### BRIEF
Pictures aside, the data must be reproduced exactly.

### SUPPLIED MATERIAL

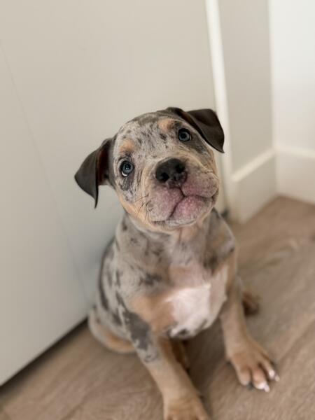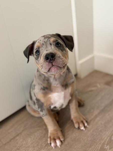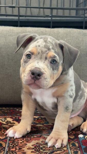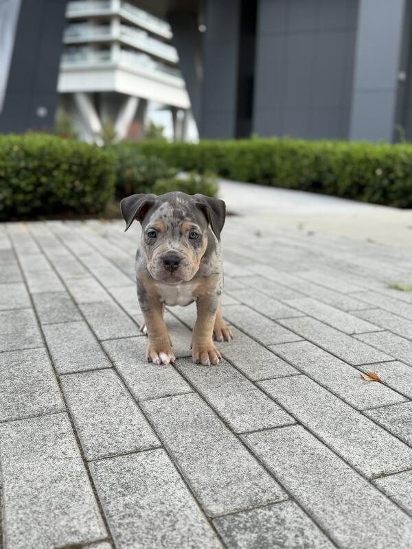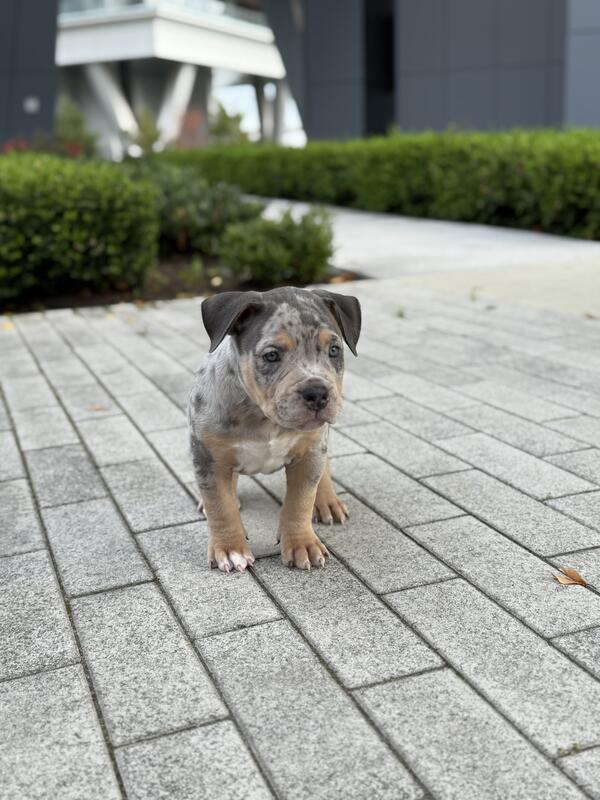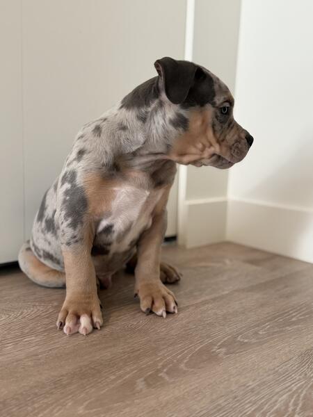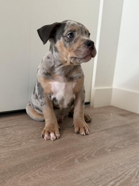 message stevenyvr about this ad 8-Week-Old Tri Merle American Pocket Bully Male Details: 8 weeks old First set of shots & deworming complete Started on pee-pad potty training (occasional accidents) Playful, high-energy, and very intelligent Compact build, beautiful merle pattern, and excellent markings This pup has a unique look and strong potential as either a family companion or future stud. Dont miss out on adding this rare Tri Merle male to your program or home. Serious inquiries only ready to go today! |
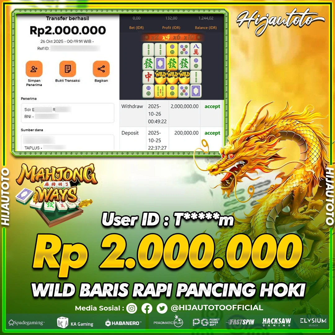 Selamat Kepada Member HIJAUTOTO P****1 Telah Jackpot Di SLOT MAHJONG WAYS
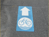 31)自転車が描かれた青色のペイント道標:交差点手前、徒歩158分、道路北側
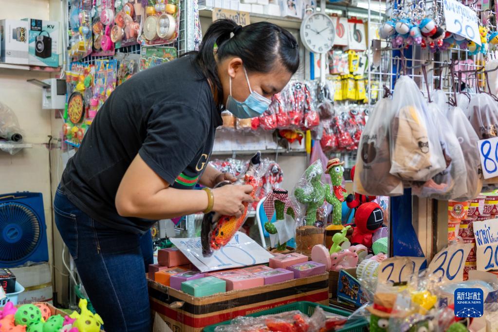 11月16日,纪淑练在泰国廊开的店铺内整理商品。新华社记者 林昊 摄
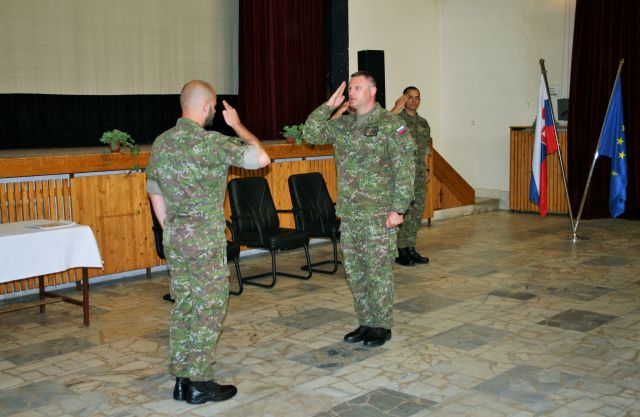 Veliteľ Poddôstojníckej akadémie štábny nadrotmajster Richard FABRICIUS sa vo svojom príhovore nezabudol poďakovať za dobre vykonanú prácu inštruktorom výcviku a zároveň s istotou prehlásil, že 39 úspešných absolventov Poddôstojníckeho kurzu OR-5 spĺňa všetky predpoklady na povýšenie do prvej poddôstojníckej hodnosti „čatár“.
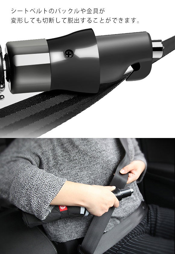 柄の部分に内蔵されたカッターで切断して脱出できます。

### COMPLETED EXERCISE
 message stevenyvr about this ad 8-Week-Old Tri Merle American Pocket Bully Male Details: 8 weeks old First set of shots & deworming complete Started on pee-pad potty training (occasional accidents) Playful, high-energy, and very intelligent Compact build, beautiful merle pattern, and excellent markings This pup has a unique look and strong potential as either a family companion or future stud. Dont miss out on adding this rare Tri Merle male to your program or home. Serious inquiries only ready to go today! |
 Selamat Kepada Member HIJAUTOTO P****1 Telah Jackpot Di SLOT MAHJONG WAYS
 31)自転車が描かれた青色のペイント道標:交差点手前、徒歩158分、道路北側
 11月16日,纪淑练在泰国廊开的店铺内整理商品。新华社记者 林昊 摄
 Veliteľ Poddôstojníckej akadémie štábny nadrotmajster Richard FABRICIUS sa vo svojom príhovore nezabudol poďakovať za dobre vykonanú prácu inštruktorom výcviku a zároveň s istotou prehlásil, že 39 úspešných absolventov Poddôstojníckeho kurzu OR-5 spĺňa všetky predpoklady na povýšenie do prvej poddôstojníckej hodnosti „čatár“.
 柄の部分に内蔵されたカッターで切断して脱出できます。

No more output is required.